* EXERCISE
Beginning with the line below that contains "I guess I'll" and ending with the line that contains "SILCARB TOWER MELTING", copy every line exactly. Copy nothing else.

* TASK DATA
──────
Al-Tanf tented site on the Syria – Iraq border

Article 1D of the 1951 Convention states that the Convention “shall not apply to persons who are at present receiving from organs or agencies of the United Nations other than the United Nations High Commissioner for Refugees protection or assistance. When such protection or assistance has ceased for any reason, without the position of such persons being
──────
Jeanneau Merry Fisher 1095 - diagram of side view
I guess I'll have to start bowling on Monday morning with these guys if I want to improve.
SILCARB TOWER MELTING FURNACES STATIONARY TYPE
──────
* ANSWER BELOW
I guess I'll have to start bowling on Monday morning with these guys if I want to improve.
SILCARB TOWER MELTING FURNACES STATIONARY TYPE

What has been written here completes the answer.